Case Presentation:
A 63 year old gentleman with a history of throat cancer and hypertension was transferred from a community hospital with a diagnosis of meningitis. Ten days prior, the patient awakened with a severe headache, facial rash, periorbital edema and conjunctival injections followed by the development of neck pain and stiffness hours later. He had been doing yard work the day prior and was prescribed steroids for poison ivy. His periorbital swelling and rash resolved but the headache and neck pain persisted. Seven days later he underwent a CT brain (normal) and a lumbar puncture which revealed 256 white blood cells (WBCs) with 56% neutrophils, 45% monocytes, 24 red blood cells (RBCs), glucose of 64mg/dl, and protein of 56 mg/dl. Intravenous vancomycin and ceftriaxone were started and he was transferred to our hospital for further management of meningitis. The patient reported frequent tick bites with an untreated targetoid rash one month prior. He endorsed drinking untreated well water before his illness and had facial zoster three years earlier.

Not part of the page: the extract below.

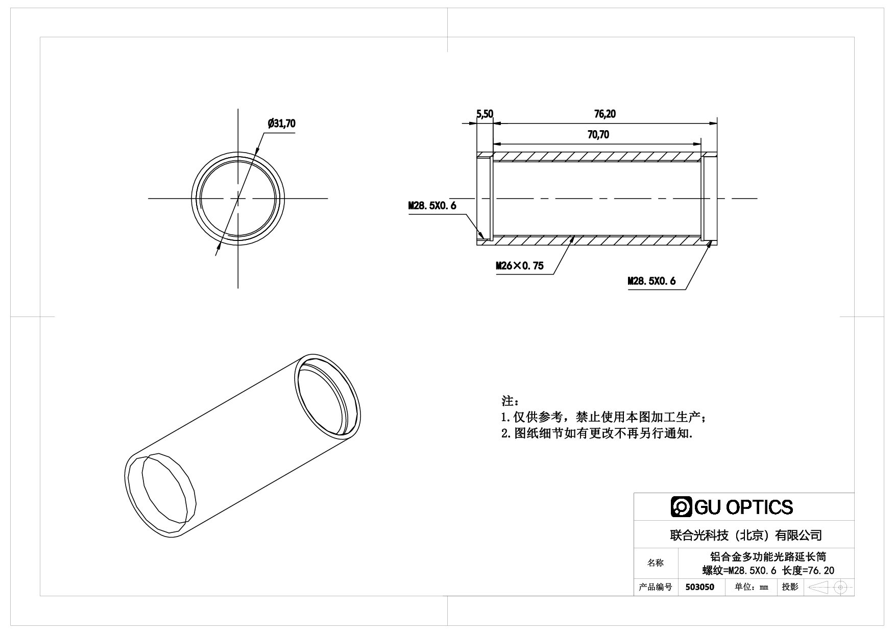 多功能光路延长筒(Multi Purpose Extension Tube)用于光路中,可以方便调整光学器件的空间间隔,配合调焦部件,更可以实现不同光学部件间隔的精密调整。联合光科技提供的多功能光路延长筒内部都有精密车制的标准螺纹,双端都有标准螺纹接口用于和光桥系统所有其他产品的互联。所有多功能光路延长筒内部都有精密车制的标准螺纹,同时双端都有标准螺纹接口用于和光桥系统所有其他产品的互连。 当多功能光路延长筒仅用于延长光路使用时,其内部精密螺纹结构起到消光作用,为光路中杂散光的消除提供了极大的帮助,同时也彻底排除了外界杂散光对光学系统的干扰。当多功能光路延长筒和安装压圈配合使用时,可以将各种标准口径的光学元件安装并固定在延长筒内部。这样为使用者提供了方便且经济的办法,用于镜头原型的设计及试验,或用于复杂光学系统的建立。

On transfer, the patient described the headache/neck pain as 10/10 in severity and diffuse. Home medications were MS Contin 100mg twice daily, lorazepam 1 mg daily, trazodone 150mg nightly and hydrochlorothiazide 25mg daily. On exam he was ill appearing with a heart rate 60bpm, blood pressure 161/77 mmHg, and positive Jolt, Kernig and Brudzinski signs. A slightly disconjugate gaze was noted and an MRI brain was obtained demonstrating left sylvian fissure enhancement suggestive of meningitis but significant motion artifact was present. Ampicillin and acyclovir were added and a CT brain was ordered. On hospital day 2, the patient felt improved with no headache/neck pain. The CT demonstrated left middle cerebral artery signal enhancement consistent with ruptured aneurysm. All infectious serologies/cultures returned negative.
Discussion:
Over 6 million people in the United States have cerebral aneurysms and rupture occurs in 30,000 individuals yearly. Cerebral aneurysm rupture has a high mortality and morbidity requiring timely assessment and management. Both aneurysm rupture and infectious meningitis can present with headache, altered mental status and signs of meningeal irritation. While large numbers of CSF RBCs and xanthochromia point to aneurysmal rupture (unless it is a traumatic tap), xanthochromia can dissipate after 1- 2 weeks as RBCs breakdown. Irritation caused by the blood products and an invasion of WBCs into the CSF may result in concurrent meningitis. Up to 32% of ruptured aneurysms are initially missed. The sensitivity of CT in detecting ruptured cerebral aneurysm varies- 98% at 12 hours, 80% at 72 hours, and 50% at 1 week. As seen in this case, heuristic bias (framing) may delay diagnosis, however intracranial aneurysm rupture should always be on the differential in patients with headache and meningeal signs despite CSF WBC predominance.
Conclusions:
Presentations of ruptured cerebral artery aneurysm may demonstrate clinical manifestations typically expected in meningitis. Keeping intracranial aneurysm rupture on the differential in patients with headache and meningeal signs despite CSF WBC predominance is critical. In doing so, clinicians may avoid heuristic bias and further complications associated with a highly morbid diagnosis.